If it weren't for over-thinking, I'd do no thinking at all!
Looking really great, giving me too many ideas, per usual!
If it weren't for over-thinking, I'd do no thinking at all!
I only mention this since you are doing such a neat wiring job you might care about doing it by the book. Your solder connections will likely be fine but according to ABYC standards you cannot use solder as the sole means of connection. You can crimp and then solder, but not just solder. The idea is that the soldered join will get brittle with the constant motion in a boat, so if you do solder after crimping you must support the joint.
11.14.5.7 Solder shall not be the sole means of mechanical connection in any circuit. If soldered, the
connection shall be so located or supported as to minimize flexing of the conductor where the solder
changes the flexible conductor into a solid conductor.
EXCEPTION: Battery lugs with a solder contact length of not less than 1.5 times the diameter of the
conductor.
NOTE: When a stranded conductor is soldered, the soldered portion of the conductor becomes a
solid strand conductor, and flexing can cause the conductor to break at the end of the solder joint
unless adequate additional support is provided.

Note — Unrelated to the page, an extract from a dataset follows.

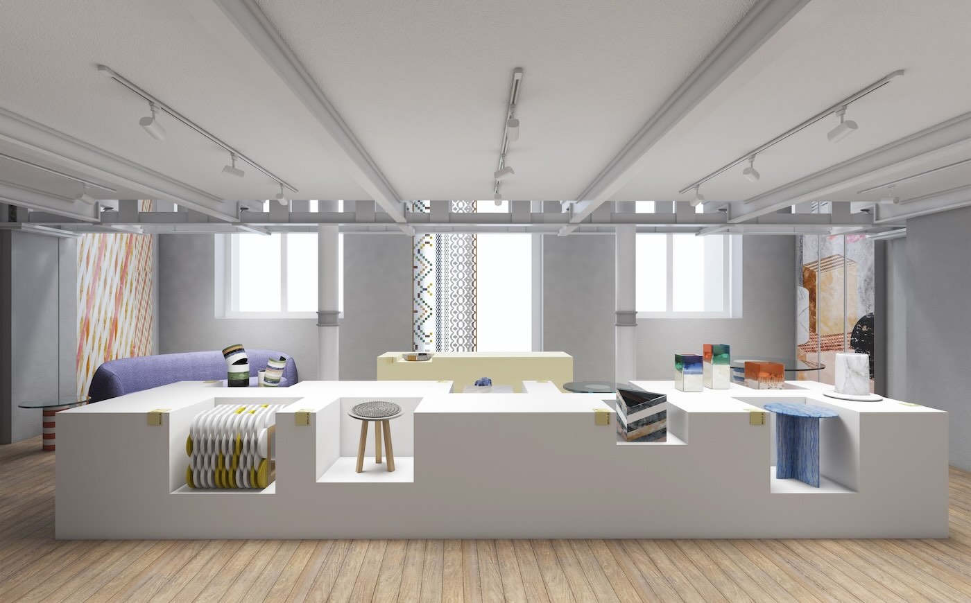L’allestimento, firmato da Alessandra Malagoli Budri, direttrice creativa del marchio, e da Francesca Renai – designer con una solida esperienza maturata a fianco di Patricia Urquiola – organizza questo patrimonio come una timeline, dove ogni progetto diventa un passaggio di un dialogo continuo tra progetto e lavorazione. La pietra smette di essere supporto e diventa linguaggio, capace di assumere configurazioni sempre diverse.

No problem, you'll probably want a crimper made for the insulated connectors if you are doing more than a few to prevent tearing the heat shrink. I see some of the connectors very similar to the ones I linked come with a crimper for a good price. I don't have personal experience with them having the ancor crimper, but it might be a good way to start if you don't want to spend a lot.
Most ratcheting crimpers will have a small toggle to release midway so you can realign. Normally I think the intent is that if it opens again you know the crimp was tight enough.